VOICEROID ASR Quality Issue

Status: RESOLVED

Mitigations implemented:

Whisper medium (Task 009) + large-v3-turbo (Task 285): EP01 accuracy 82.6% → 91.4%
Speaker diarization investigated (Task 056): general-purpose diarization not viable for VOICEROID (80.3% accuracy)
Multi-source comparison infrastructure (Tasks 297, 298): accuracy + agreement charts on transcription pages
OCR pipeline (Task 289): captures on-screen text as additional source

YouTube's auto-generated subtitles for SOLAR LINE have very poor accuracy.

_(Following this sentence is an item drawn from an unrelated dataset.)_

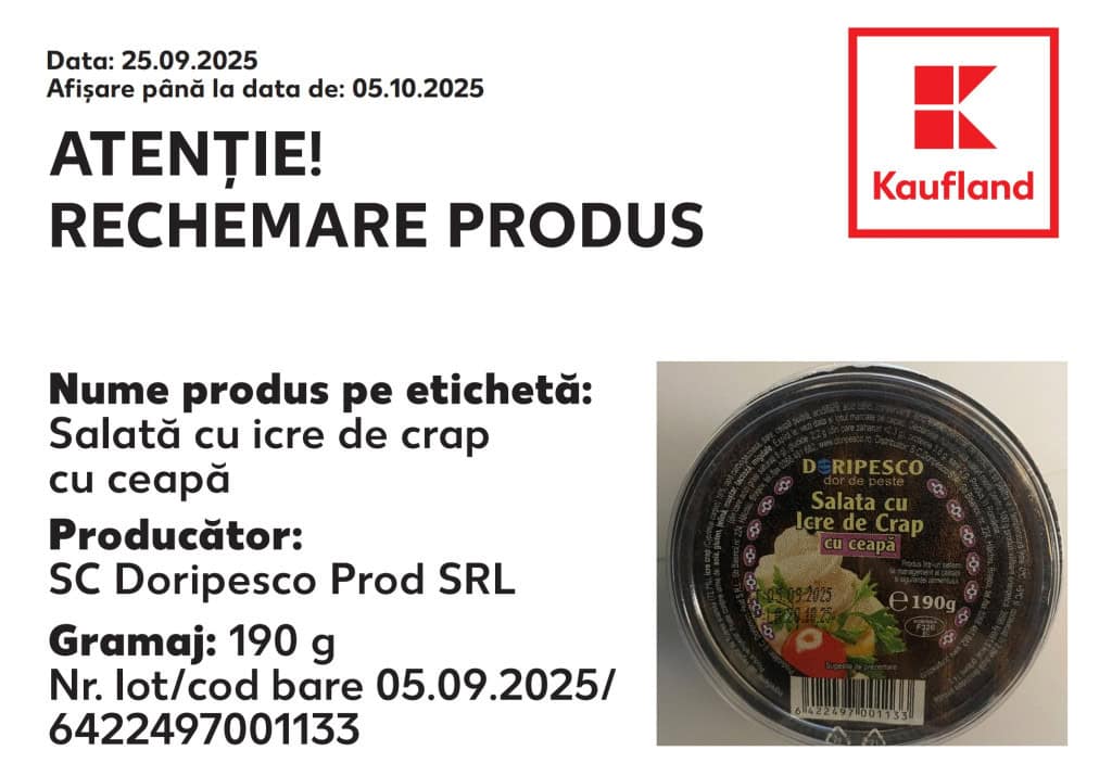 De asemenea, retragerea produsului – salată de icre de crap 190 g – și rechemarea acestuia de la consumatori au fost declanșate la solicitarea furnizorului pentru a proteja sănătatea consumatorilor, având în vedere identificarea unui risc de Listeria monocytogenes.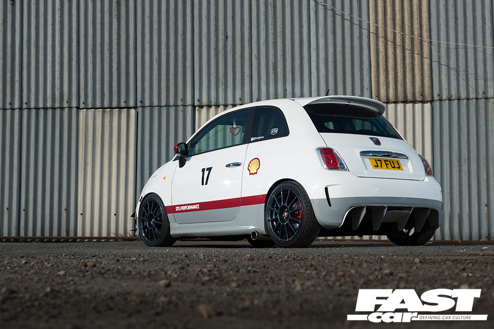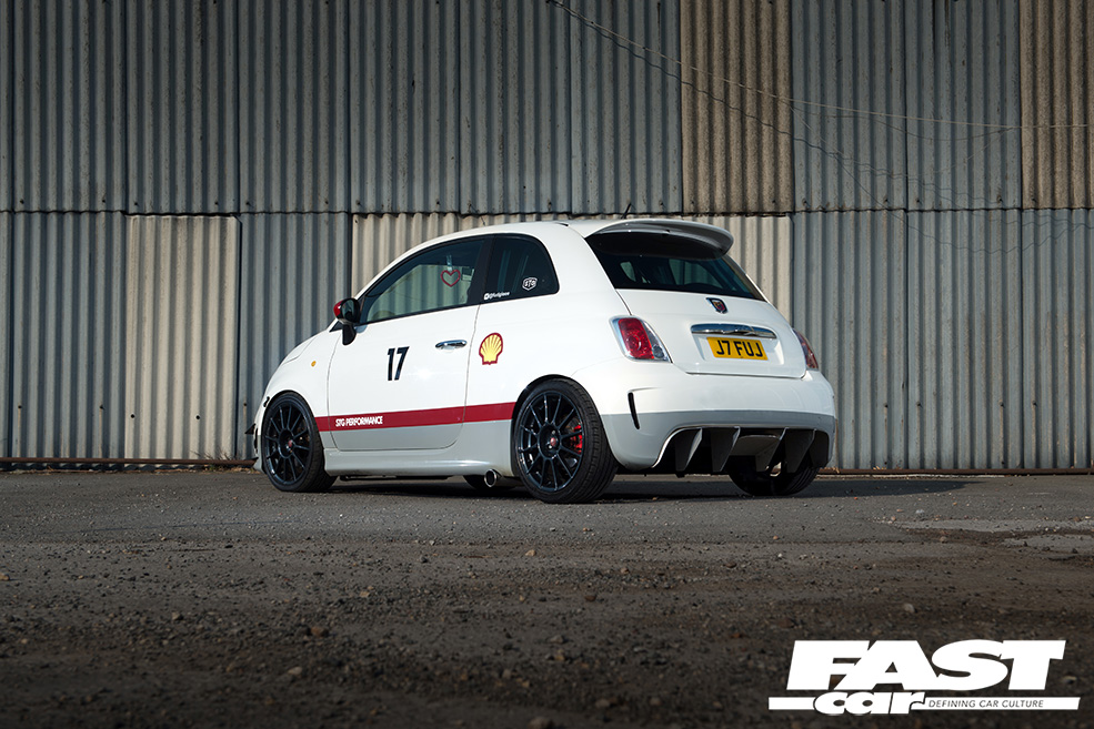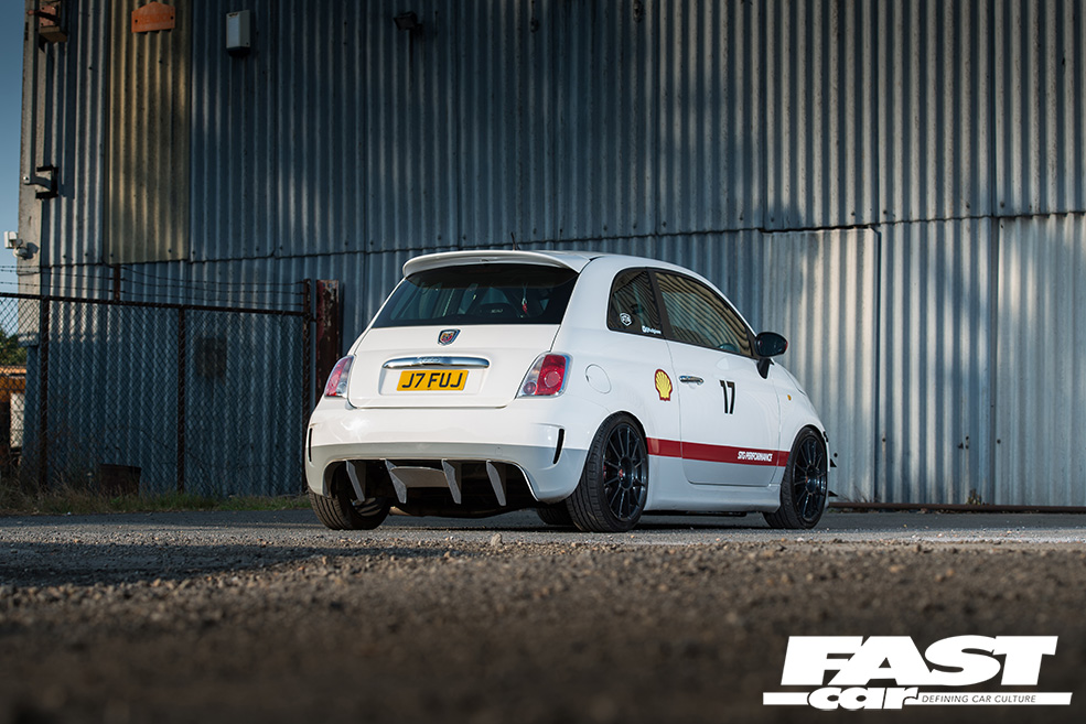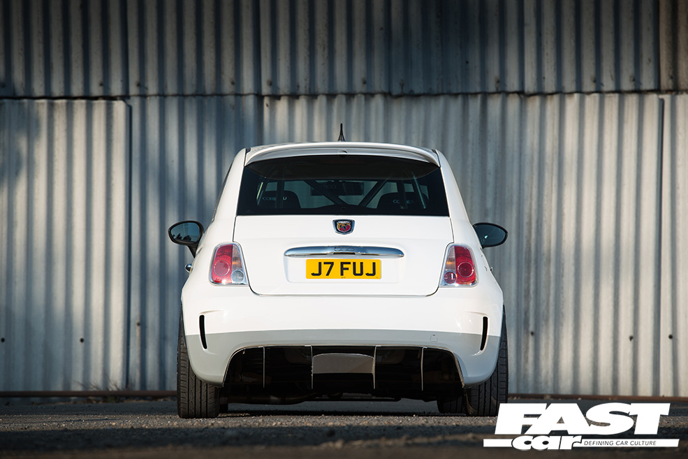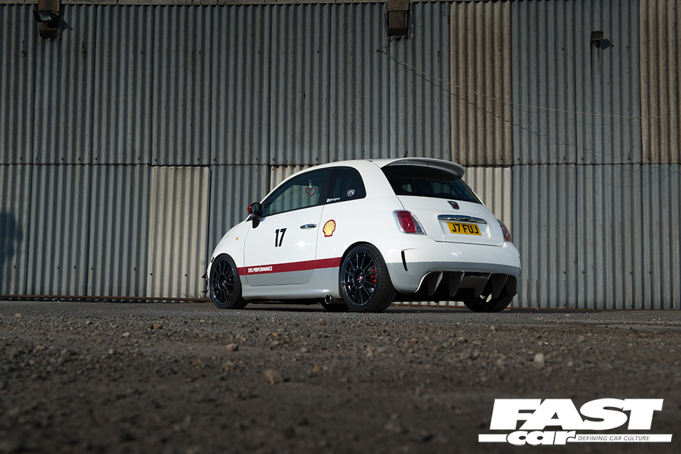 Abarth Assetto Corse livery (wrapped by Paintkillers), custom aluminium rear diffuser by STG Performance, canards, bonnet vent, yellow light tints, stubby aerial, quick-release bumper fasteners.

The series uses VOICEROID/software-talk voices (CeVIO, VOICEVOX, etc.) which

are synthetic speech not well-handled by YouTube's speech recognition.

- Speaker detection by voice is impossible from ASR alone

- Must use dialogue patterns (AI=polite/technical, きりたん=casual/decisions)

Quote accuracy: Dialogue quotes in reports should be manually verified against video

Manual transcription: Most accurate but labor-intensive
Whisper ASR: Run OpenAI Whisper locally on audio — may handle synthetic speech better
Video OCR: Some series display text/subtitles on screen that could be extracted
Human correction pass: Use ASR as starting point, correct against video
Multiple ASR engines: Cross-reference YouTube auto-subs with Whisper output

Tested speaker diarization tools on VOICEROID content:

Resemblyzer embeddings: きりたん-ケイ cosine similarity 0.983 (near-identical)
Pitch analysis: F0 difference only 28.8 Hz with ~100 Hz std overlap
Best accuracy: 80.3% binary (embedding nearest-centroid), insufficient for production use
Conclusion: General-purpose speaker diarization is NOT viable for VOICEROID content
Non-VOICEROID speakers (管制, 船乗り) have distinct pitch and ARE separable

For now, use YouTube auto-subs as structural scaffolding (timing, line breaks)

but treat the text content as unreliable. Speaker attribution and quote

correction should be done by reviewing the actual video content.